The Next Big Lobby
Note: I've written some addtional thoughts on this topic based on some smart reader feedback.
I believe there is a massive paradigm shift occurring in American politics right now. You might be surprised to learn it's half over. The already completed half is about how technology is being utilized in politics. Donation emails, social media, and online ad networks are now crucial components of campaigns and policy initiatives across the country. These are just a few ways technology is being utilized to make public policy. This aspect of technology is enormously interesting in its own right. However, I am not going to address that today. I want to address the part of this shift that's still in its infancy: When the tech world works to make public policy.
The technology industry is descending upon Capitol Hill and statehouses across the country in force. They pushed the Federal Communications Commission on net neutrality and won big. Last week they defeated big cable companies again. They take no prisoners and don't show signs of stopping. The technology lobby (aka big tech) is one of the most formidable new advocacy groups to form in American politics.
Google ranked fifth in the amount spent on lobbying in the first quarter of 2015 among all organizations that lobbied Congress and federal agencies, according to an analysis by MapLight. The search giant spent $5,470,000; for context, that is more than four times the amount that Apple spent, and nearly $1 million more than Comcast did.
John Gruber puts it in crystal clear terms:
Looking at these numbers, what strikes me is how low these sums are. $5.5 million is almost nothing to Google. Nothing. They reported $14 billion in profit last year. That means they spent 0.04 percent of their profit on lobbying here in the U.S.
Big tech has deeper pockets than big oil and has the potential to organize more quickly and in greater numbers than big labor. They don't just have the Internet on their side. They are the Internet. And they're going to reshape politics as we know it.
The tech lobby has the knowledge and skill set to assemble a large, formidable, citizen-led campaign seemingly out of nowhere. In simple terms, big tech is rapidly learning how to harness the political power of thousands of nerds across the country. These nerds are not well versed in politics but are passionate in their defense of technological freedom. The people who built the Internet want to defend it.
Like technology itself, their issues are diverse and complex. These are few items currently on their agenda:
- Allowing municipalities to compete with big cable companies to create faster Internet service
- Breaking government sanctioned taxi cab regulatory monopolies to allow ride-sharing services
- Open, accessible, and instantly searchable campaign finance disclosure.
The tech lobby and their geeky grassroots have no respect for the status quo. They rarely ever begin as the majority but they know how to become the majority. They champion an agenda of technological freedom and know how to make it resonate. The industry deep pockets and powerful voice of their tech savvy citizenry are ready to take on politics. They don't come exclusively from the right, left or center. They borrow aspects of each while staking out a kind of societal moral high ground with innovation and technology at the forefront.

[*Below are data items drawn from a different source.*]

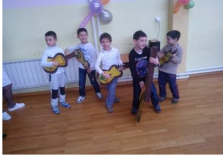
Slika 7. 'Vesela šokadija'
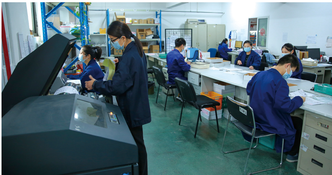
联络组打印、整理、复核票据。
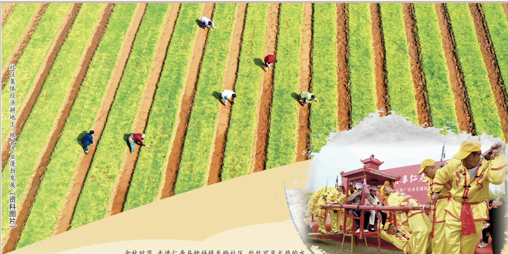
往区集体经济耕地上，粮食产业蓬勃发展。(资料图片)

金秋时节，走进仁寿县钟祥镇龙桥社区，处处可见火热的水稻收获场景，轰鸣的机器与往来的群众让乡村充满了勃勃生机，勾勒出产业兴旺、生活幸福、家园和谐的美好蓝图。
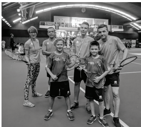
BALDONES KROSMINTONISTI ČEHIJĀ.

29. septembrī Čehijā, Brno pilsētā norisinājās Eiropas Jaunatnes čempionāts krosmintonā, kur savā starpā spēkiem mērojās dalībnieki no piecpadsmit valstīm.

Lawmakers should be aware that the technology industry is going to become a powerful player in politics. One that is prepared to turn the political world upside down and inside out. They could be stronger than any previously significant lobbying force in our nation's history.
Technology in our culture (and by extension our law) is only going to increase over time. So far the tech lobby has pursued a strategy of convincing those in power to see their side of an issue. As their goals come closer to significantly disrupting the status quo they will face greater resistance. Logically they will shift their focus to sending lawmakers who are "uneducated" on their issues into permanent retirement.
In order to better serve their constituents, it in the best interest of legislators to educate themselves on the issues of interest to the tech lobby as soon as possible. You don't want to be on the wrong end of the keyboards of this powerful constituency if you can help it.